Uganda received its one millionth refugee from South Sudan on 17 August. This influx of people, many of whom have fled terrible violence to seek sanctuary in northern Uganda, has put a significant financial strain on the country and in particular its northern region.
The Ugandan government has looked to external actors for assistance. It hosted a conference in August where international donors pledged support to the tune of $352 million: a significant sum, but still a long way short of the $2 billion that Kampala and the United Nations had hoped to raise.
Stephen Oola, founder of the Amani Institute Uganda, a Gulu-based think tank, is adamant that “historically refugees have been used by the current regime for dirty political manoeuvres” and that the current situation is “no different”.
In this instance, hosting refugees gives the government leverage to resist international pressure on domestic issues such as the disputed 2016 elections and the campaign to amend constitutional age limits.
But with so much of the focus on the plight of refugees – who are undoubtedly in need of food, shelter, and basic support services – citizens of northern Uganda are once again being sidelined and ignored by their government: an approach that has characterised three decades of political dominance by the ruling National Resistance Movement.
President Yoweri Museveni’s time in power has been marked by a widening disparity between residents of northern and, to a lesser extent, eastern Uganda and those that live in central and western parts of the country; areas from which Museveni draws the bulk of his political support.
While significant strides have been made in reducing those living in poverty – between 1993 and 2013 the percentage of Ugandans living below the poverty lined dropped from almost 60 percent to 19 percent – in that same period the distribution has changed significantly.

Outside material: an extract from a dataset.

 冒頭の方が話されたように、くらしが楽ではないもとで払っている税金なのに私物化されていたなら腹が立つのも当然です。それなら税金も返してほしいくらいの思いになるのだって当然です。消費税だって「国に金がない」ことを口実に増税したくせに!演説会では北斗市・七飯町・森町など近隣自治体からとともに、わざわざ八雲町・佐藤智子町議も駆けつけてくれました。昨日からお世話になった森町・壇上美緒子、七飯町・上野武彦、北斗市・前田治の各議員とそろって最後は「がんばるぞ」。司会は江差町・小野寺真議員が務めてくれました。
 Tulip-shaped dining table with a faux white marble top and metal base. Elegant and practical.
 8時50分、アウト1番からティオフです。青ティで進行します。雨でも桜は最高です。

From a fairly equal spread across the four main regions in the early 1990s, in 2013 almost half of those in poverty lived in the north, with west and central areas comprising less than 20 percent of the total. Rising levels of individual inequality are being replicated between regions.

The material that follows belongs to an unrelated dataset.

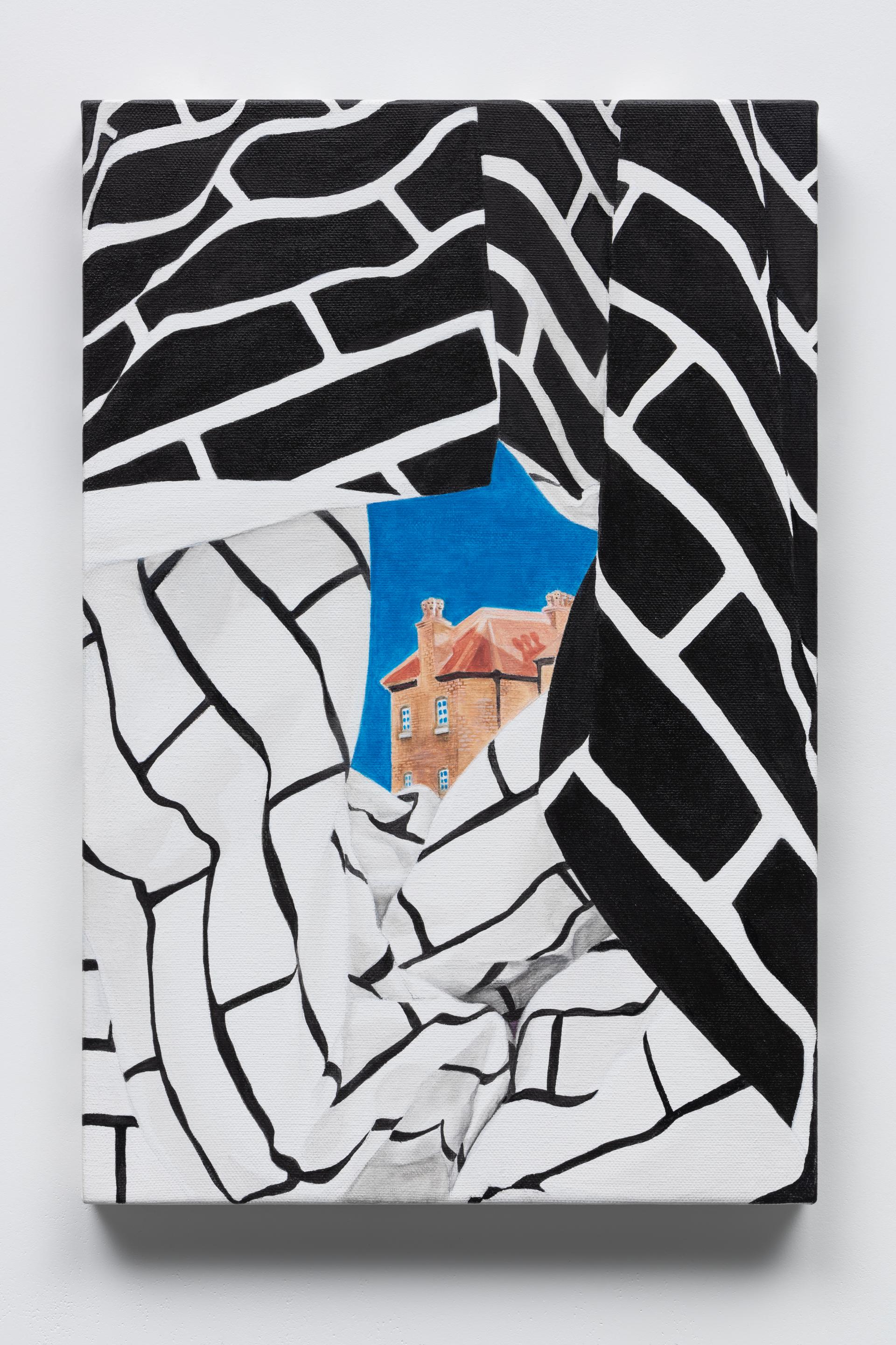 설치 작품을 평면으로 재해석한 작업이다. 천처럼 표현된 벽돌 문양은 실제로 작가가 퍼포먼스를 위해 제작했던 설치 조각물의 일부를 클로즈업하여 그린 것이다. 작품은 공간의 유연성에 대한 작가의 기본 개념을 바탕으로, 안과 밖의 공간을 뒤집는 방식을 통해 경계를 허물고자 한다. 이를 통해 자유로운 상상의 공간을 제시하며, 새로운 세계로 들어가는 통로를 만들어낸다.

Unquestionably the development of the northern region was stymied by conflict. Fighting between Ugandan forces and Joseph Kony’s Lord’s Resistance Army spanned almost two decades (1987-2006). At its peak more than one million Ugandans were displaced in what was described as the “most neglected crisis in the world”.
But the conflict itself, and its aftermath, produced tensions and divisions between citizens in the north and the government, whose forces were accused of carrying out abuses against civilianswhen they were supposed to be protecting them. These accusations have not been investigated by the International Criminal Court (which has focused instead on the LRA) or national courts.
In the decade since the end of the conflict, efforts to rebuild infrastructure, improve basic services, and to encourage reconciliation have been outlined in a series of Peace, Recovery and Development Plans.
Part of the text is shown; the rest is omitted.